Inflammatory bowel diseases and primary immunodeficiency diseases
Published in Immunological Medicine, 2018
IBD is typically diagnosed from endoscopic and histopathological observations. The histopathology of IBD is classified as CD, UC, or IBD unclassified, and the latter is frequently observed in patients with VEOIBD, especially those with monogenic IBD. Various functional and genetic tests are required to confirm monogenic IBD in patients with VEOID (Figure 3). These include analyses of neutrophil-mediated oxidative bursts using nitroblue tetrazolium tests or flow cytometry-based assays, measurements of IgG, IgA, IgM, and IgE, and flow cytometric assays of lymphocyte subsets, such as CD3+ T, CD4+ T, CD8+ T, CD19/C20+ B, and CD16/CD56+ natural killer (NK) cells.
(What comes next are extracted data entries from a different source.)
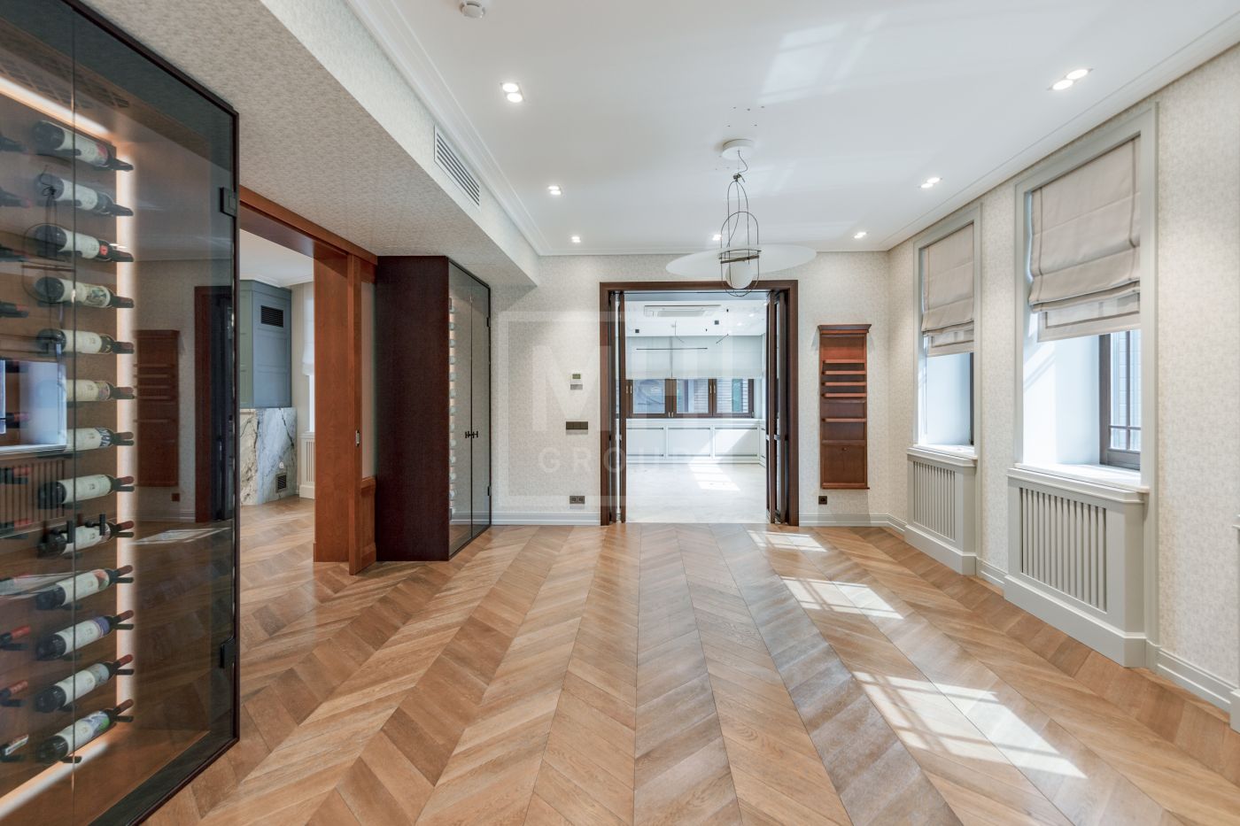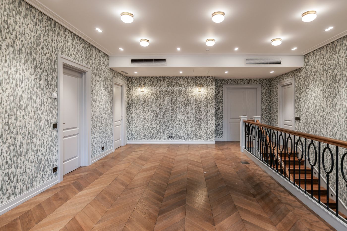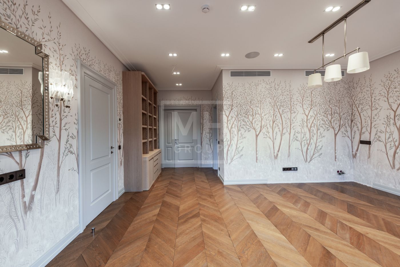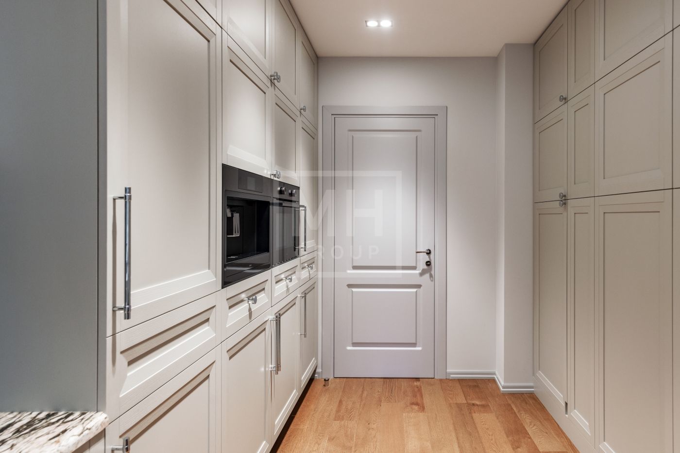 Загородный коттедж площадью 487 м² расположен на полевом участке 22 сотки,воплощает концепцию home office. Черный фасад с росписью в стиле стрит-арта создает выразительный современный образ, а большие окна наполняют интерьеры естественным светом. Внутреннее пространство выдержано в светлых тонах элементами неоклассики, где каждая деталь продумана до мелочей — премиальные обои американских производителей, мрамор, камин, авторская мебель и светильники. Особый шарм придают спортивные арт-объекты — антикварные клюшки, винтажный велосипед и футбольные мячи.Дом оснащен передовыми инженерными системами, включая канальное кондиционирование, увлажнение, приточную вентиляцию и систему «умный дом».Здесь создано идеальное пространство для комфортной работы и проведения деловых и личных встреч. Планировка включает просторную кухню-столовую с бильярдной зоной и винными шкафами, зал ожидания, 2 переговорные,5 кабинетов, гардеробную, кладовые и зону с ретро-автомобилем Bugatti. На каждом этаже расположены стойки ресепшен.
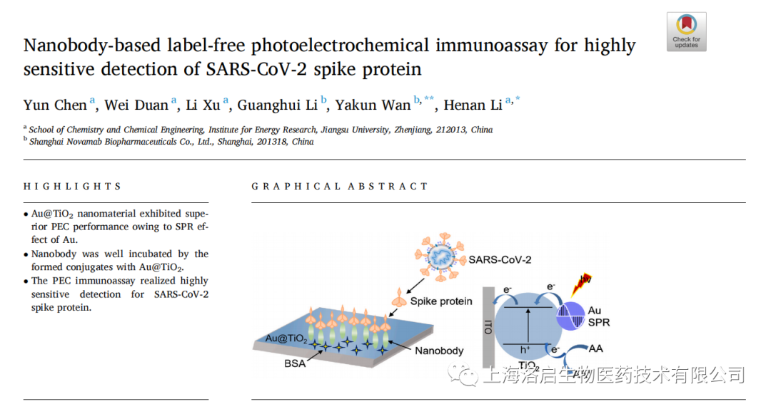 2022年5月3日,凯发K8天生赢家一触即发生物和江苏大学化学化工学院李赫楠教授团队合作,在《Analytica Chimica Acta》发表了题为“Nanobody-based label-free photoelectrochemical immunoassay for highly sensitive detection of SARS-CoV-2 spike protein”的研究论文。凯发K8天生赢家一触即发生物万亚坤博士和李贺楠教授为并列通讯作者,相关纳米抗体的知识产权归凯发K8天生赢家一触即发生物所有。
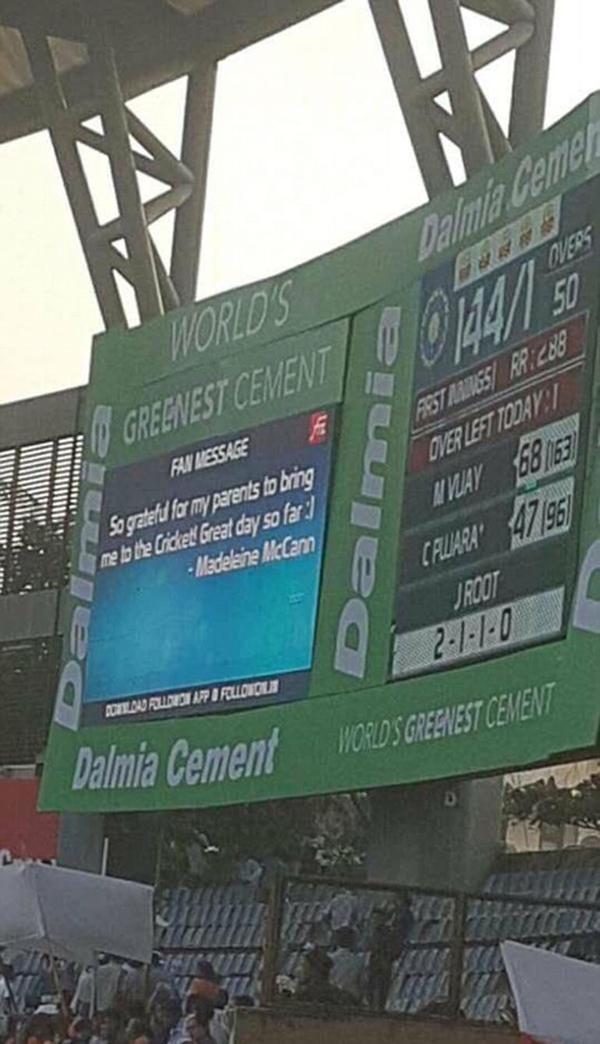 En las pantallas gigantes de los marcadores publicaron durante el entretiempo un supuesto mensaje en Twitter de un fan. "¡Muy agradecida de que mis padres me traigan al juego de cricket! ¡Gran día!", se leía, atribuyéndole el mensaje a la pequeña desaparecida desde 2007.
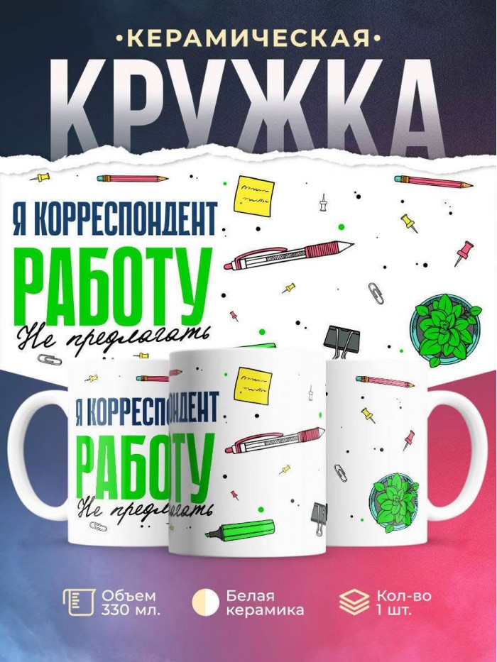 Сувенирная белая кружка с принтом "Я корреспондент работу не предлагать" – отличный подарок родным и близким людям для любого случая. Уникальный дизайн делает ее неповторимой и привлекательной для глаз. Принты могут быть разными: от ярких креативных решений, которые идеально подойдут молодежи, до классических элегантных узоров, радующих взгляд людей любого поколения во время чаепития. Рисунок наносится с использованием специализированного оборудования, материалами, прошедшими испытания на пригодность к использованию в быту.

All types of chronic granulomatous disease can be diagnosed using assays of the neutrophil oxidative burst. Patients with common variable immunodeficiency and agammaglobulinemia show reduced levels of all class immunoglobulins. Patients with hyper IgM syndrome generally have normal to elevated levels of IgM but reduced levels of IgG and IgA. Elevated levels of IgE and/or eosinophilia are also observed in patients with monogenic defects in FOXP3, IL2RA, IKBKG, WAS, or DOCK8 genes. Whereas all patients with severe combined immunodeficiency (SCID) lack T cells, the associated impact on B and NK cells vary between genetic defects. For example, X-linked agammaglobulinemia is associated with reduced numbers of circulating B cells. Moreover, FOXP3 expression in CD4+CD25+ T cells is reduced in a proportion of patients with immune dysregulation, polyendocrinopathy, enteropathy, and X-linked (IPEX) syndrome [16,17]. XIAP expression is decreased in lymphocytes and monocytes of some patients with XIAP deficiency (Figure 4(a)) [17,18], and muramyl dipeptide signaling is selectively defective in patients with XIAP deficiency (Figure 4(b)) [19]. IL-10 receptor deficiency can also be detected using assays that determine whether exogenous IL-10 suppresses lipopolysaccharide-induced cytokine production in peripheral blood mononuclear cells [20,21]. Following functional screening of these deficiencies, candidate genes are generally sequenced to confirm the suspected genetic condition.